The Parties do not dispute that ICE “is an agency specializing in law enforcement” and, consequently, a decision from ICE would be entitled to a measure of deference. See Am. Immigr. Council v. U.S. Dep't of Homeland Sec., 950 F.Supp.2d 221, 245 (D.D.C. 2013).

The Guidebook “provides policies, practices and procedures designed to prevent, investigate and prosecute misconduct and criminal activity within ICE.” (ECF No. 45-1 at ¶ 33). ICE OPR is responsible for activities such as “vigilantly managing ICE's security programs” and “investigating allegations of serious employee and contractor misconduct.” (Id. at ¶ 29). While ICE OPR may have human resources functions in conjunction with investigating serious misconduct within the agency, this alone does not alter the deference that is afforded to ICE as an agency specializing in law enforcement. See Barnard v. Dep't of Homeland Sec., 598 F.Supp.2d 1, 15 (D.D.C. 2009) (“[T]here is no question that ICE and CBP perform law enforcement activities.”); Advancement Project v. U.S. Dep't of Homeland Sec., 549 F.Supp.3d 128, 144 (D.D.C. 2021) (“ICE's central mission is to enforce immigration law, so its claims about the purpose of withheld records deserve deference.”).

Even with this deferential standard of review, however, Defendant's decision to invoke exemption 7(E) “is not a ‘vacuous' one, and it does not authorize a wholesale departure from all evidentiary requirements.” Am. Immigr. Council, 950 F.Supp.2d at 245.

2. Law Enforcement Purposes

Plaintiff argues that the information Defendant withholds does not have a nexus with law enforcement. Specifically, Plaintiff cites to sections withheld that Plaintiff asserts are administrative in nature, such as Section 2.18 titled “Interviewing: ICE Employee Witnesses (Administrative Investigations).” (ECF No. 51 at 11) (emphasis in original). Plaintiff argues that the withheld sections pertaining to administrative functions do not address legal compliance and were thus not created for law enforcement purposes.

To fall within Exemption 7(E), the records must first meet a threshold requirement: that the records were “compiled for law enforcement purposes.” 5 U.S.C. § 552(b)(7). “The term ‘law enforcement' in Exemption 7 refers to the act of enforcing the law, both civil and criminal.” Pub. Emps. for Env't Resp. v.

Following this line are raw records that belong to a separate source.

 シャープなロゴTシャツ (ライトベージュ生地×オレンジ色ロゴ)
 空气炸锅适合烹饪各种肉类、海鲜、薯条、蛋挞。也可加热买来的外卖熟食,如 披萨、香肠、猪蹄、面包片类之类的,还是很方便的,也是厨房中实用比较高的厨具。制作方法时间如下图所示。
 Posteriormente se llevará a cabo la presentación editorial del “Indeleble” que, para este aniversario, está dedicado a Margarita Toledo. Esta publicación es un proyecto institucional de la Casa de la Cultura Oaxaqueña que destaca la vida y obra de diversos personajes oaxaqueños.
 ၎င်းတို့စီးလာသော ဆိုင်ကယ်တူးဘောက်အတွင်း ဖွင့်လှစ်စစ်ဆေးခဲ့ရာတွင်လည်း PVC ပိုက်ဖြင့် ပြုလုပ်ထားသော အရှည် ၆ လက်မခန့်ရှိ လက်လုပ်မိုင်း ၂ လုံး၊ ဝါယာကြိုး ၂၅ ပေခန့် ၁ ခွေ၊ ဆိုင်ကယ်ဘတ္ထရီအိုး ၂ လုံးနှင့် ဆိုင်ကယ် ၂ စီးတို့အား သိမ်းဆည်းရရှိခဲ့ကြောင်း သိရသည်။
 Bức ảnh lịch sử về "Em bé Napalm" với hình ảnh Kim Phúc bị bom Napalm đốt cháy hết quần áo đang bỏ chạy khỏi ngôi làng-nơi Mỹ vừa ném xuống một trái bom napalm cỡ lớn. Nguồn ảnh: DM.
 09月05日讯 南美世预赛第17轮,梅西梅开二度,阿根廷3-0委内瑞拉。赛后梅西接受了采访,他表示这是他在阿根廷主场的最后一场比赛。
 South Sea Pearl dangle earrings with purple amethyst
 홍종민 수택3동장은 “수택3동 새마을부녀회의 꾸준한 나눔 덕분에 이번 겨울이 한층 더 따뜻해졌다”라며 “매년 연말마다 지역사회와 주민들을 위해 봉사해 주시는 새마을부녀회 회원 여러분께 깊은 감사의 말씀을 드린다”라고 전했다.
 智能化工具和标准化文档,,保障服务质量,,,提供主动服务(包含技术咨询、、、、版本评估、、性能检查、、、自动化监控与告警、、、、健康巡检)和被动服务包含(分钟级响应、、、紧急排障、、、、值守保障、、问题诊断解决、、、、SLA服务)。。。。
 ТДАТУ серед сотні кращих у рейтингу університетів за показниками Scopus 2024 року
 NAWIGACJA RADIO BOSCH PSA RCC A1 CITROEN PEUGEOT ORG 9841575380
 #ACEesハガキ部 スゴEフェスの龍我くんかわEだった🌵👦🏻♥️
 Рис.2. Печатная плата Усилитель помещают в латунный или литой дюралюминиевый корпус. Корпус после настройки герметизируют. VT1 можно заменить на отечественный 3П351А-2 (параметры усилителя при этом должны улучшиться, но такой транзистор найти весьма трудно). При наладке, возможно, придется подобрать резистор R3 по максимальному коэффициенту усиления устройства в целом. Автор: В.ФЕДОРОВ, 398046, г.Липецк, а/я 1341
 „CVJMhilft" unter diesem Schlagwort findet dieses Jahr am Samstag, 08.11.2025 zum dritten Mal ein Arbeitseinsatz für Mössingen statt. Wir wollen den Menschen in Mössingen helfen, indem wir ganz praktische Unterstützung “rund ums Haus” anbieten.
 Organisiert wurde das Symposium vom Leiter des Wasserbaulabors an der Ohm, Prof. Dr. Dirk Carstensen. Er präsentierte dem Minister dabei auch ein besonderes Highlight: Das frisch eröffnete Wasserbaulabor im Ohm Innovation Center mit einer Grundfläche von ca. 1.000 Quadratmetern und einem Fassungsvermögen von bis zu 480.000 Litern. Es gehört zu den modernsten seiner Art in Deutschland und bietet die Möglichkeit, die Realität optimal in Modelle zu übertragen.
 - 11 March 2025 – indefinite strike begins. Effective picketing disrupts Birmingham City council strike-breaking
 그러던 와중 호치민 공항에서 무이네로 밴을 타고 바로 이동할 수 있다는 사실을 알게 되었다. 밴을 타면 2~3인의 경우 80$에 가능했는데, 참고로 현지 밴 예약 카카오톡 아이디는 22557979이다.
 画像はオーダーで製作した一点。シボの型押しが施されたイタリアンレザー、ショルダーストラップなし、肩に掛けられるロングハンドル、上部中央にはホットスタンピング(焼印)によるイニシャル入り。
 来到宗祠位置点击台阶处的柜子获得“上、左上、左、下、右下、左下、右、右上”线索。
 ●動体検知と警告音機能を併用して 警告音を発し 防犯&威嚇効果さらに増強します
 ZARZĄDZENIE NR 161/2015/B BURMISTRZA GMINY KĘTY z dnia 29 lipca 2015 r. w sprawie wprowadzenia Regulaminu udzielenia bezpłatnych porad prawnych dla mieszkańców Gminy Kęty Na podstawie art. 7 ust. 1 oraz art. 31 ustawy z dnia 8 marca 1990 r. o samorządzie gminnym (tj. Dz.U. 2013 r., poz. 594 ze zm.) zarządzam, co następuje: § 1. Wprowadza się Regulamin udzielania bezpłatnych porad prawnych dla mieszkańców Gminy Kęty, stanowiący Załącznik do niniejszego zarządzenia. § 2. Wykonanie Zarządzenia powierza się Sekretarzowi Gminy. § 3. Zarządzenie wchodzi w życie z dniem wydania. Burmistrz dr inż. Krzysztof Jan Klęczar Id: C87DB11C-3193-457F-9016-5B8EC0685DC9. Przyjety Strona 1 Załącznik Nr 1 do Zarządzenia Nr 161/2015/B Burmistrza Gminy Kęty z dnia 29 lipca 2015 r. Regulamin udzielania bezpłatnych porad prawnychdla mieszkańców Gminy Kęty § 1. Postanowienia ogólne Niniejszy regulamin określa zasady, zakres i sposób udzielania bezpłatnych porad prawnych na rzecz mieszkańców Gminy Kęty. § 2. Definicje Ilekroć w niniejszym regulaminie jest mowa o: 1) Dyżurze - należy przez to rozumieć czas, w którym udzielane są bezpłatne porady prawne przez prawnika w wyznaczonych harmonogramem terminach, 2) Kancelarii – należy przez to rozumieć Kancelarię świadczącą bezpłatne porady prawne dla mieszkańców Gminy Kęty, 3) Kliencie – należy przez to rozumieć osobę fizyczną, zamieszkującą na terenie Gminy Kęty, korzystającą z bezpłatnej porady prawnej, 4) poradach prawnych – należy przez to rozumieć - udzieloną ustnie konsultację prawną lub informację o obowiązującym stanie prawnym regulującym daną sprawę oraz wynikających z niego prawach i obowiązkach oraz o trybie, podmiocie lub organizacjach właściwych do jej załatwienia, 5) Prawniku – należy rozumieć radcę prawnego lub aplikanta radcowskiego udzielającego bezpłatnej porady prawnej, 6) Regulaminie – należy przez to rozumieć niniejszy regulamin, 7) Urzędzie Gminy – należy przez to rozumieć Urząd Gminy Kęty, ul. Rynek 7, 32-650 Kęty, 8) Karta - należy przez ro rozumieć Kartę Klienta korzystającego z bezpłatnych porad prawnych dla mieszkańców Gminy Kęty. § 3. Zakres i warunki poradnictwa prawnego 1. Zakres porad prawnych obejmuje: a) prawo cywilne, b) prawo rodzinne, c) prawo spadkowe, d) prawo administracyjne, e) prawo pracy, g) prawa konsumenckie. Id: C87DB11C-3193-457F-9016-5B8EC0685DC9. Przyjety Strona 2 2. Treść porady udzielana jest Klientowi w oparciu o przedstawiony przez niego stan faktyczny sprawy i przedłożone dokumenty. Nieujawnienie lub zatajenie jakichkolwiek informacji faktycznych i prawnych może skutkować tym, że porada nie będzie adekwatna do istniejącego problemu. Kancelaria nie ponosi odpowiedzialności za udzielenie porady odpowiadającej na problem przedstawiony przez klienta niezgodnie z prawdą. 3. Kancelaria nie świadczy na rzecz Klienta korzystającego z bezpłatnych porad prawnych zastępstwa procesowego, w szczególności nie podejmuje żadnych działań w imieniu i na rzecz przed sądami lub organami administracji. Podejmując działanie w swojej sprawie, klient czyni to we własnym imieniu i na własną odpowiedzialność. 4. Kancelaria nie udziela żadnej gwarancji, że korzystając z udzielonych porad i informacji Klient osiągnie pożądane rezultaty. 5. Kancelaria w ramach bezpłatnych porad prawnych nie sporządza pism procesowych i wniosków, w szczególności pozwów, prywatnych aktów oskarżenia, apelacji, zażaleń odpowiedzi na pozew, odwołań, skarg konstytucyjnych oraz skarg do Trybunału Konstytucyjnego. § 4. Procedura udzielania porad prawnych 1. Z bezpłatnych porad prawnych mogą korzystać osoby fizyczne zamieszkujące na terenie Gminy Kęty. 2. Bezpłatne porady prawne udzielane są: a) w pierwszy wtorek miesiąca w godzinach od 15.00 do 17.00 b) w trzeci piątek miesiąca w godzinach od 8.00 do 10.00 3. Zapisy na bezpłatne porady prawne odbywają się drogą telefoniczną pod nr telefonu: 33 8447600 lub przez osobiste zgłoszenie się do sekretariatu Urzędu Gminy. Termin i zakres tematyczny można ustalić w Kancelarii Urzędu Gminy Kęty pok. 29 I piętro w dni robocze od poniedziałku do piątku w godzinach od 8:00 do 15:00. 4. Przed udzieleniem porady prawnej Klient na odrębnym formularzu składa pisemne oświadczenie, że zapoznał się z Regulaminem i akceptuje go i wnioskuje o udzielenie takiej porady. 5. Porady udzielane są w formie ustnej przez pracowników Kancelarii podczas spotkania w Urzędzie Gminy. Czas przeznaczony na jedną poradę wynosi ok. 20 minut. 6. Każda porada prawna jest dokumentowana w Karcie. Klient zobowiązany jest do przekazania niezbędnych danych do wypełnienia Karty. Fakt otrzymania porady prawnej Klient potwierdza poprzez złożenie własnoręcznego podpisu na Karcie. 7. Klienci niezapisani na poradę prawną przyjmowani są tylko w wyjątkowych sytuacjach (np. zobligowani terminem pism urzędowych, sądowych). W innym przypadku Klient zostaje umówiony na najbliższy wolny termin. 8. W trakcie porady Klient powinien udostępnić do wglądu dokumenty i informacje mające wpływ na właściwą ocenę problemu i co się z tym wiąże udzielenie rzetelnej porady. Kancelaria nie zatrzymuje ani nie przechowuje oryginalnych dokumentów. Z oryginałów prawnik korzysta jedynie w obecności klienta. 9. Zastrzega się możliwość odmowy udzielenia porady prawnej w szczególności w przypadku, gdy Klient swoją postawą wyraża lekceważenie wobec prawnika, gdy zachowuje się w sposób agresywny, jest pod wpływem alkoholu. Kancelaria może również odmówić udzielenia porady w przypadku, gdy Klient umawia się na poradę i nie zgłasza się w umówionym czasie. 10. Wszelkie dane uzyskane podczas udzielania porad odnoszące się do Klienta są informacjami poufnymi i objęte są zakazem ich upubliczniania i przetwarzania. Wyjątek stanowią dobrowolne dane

U.S. Section, Int'l Boundary & Water Comm'n, U.S.-Mexico, 740 F.3d 195, 203 (D.C. Cir. 2014); Tax Analysts, 294 F.3d at 77. “[T]he generally accurate assumption that federal agencies act within their legislated purposes implies that an agency whose principal mission is criminal law enforcement will more often than not satisfy the Exemption 7 threshold criterion. Thus, a court can accept less exacting proof from such an agency that the purpose underlying disputed documents is law enforcement.” Pratt v. Webster, 673 F.2d 408, 418 (D.C. Cir. 1982). However, “not every document compiled by a law enforcement agency is compiled for a law enforcement purpose.” 100Reporters LLC v. U.S. Dep't of Just., 248 F.Supp.3d 115, 159 (D.D.C. 2017). “A record is deemed ‘compiled for a law enforcement purpose' so long as there is (1) a rational ‘nexus' between the record and the agency's law enforcement duties and (2) a connection between the subject of the record and a possible security risk or violation of federal law.” Long v. ICE, 149 F.Supp.3d 39, 48-49 (D.D.C. 2015).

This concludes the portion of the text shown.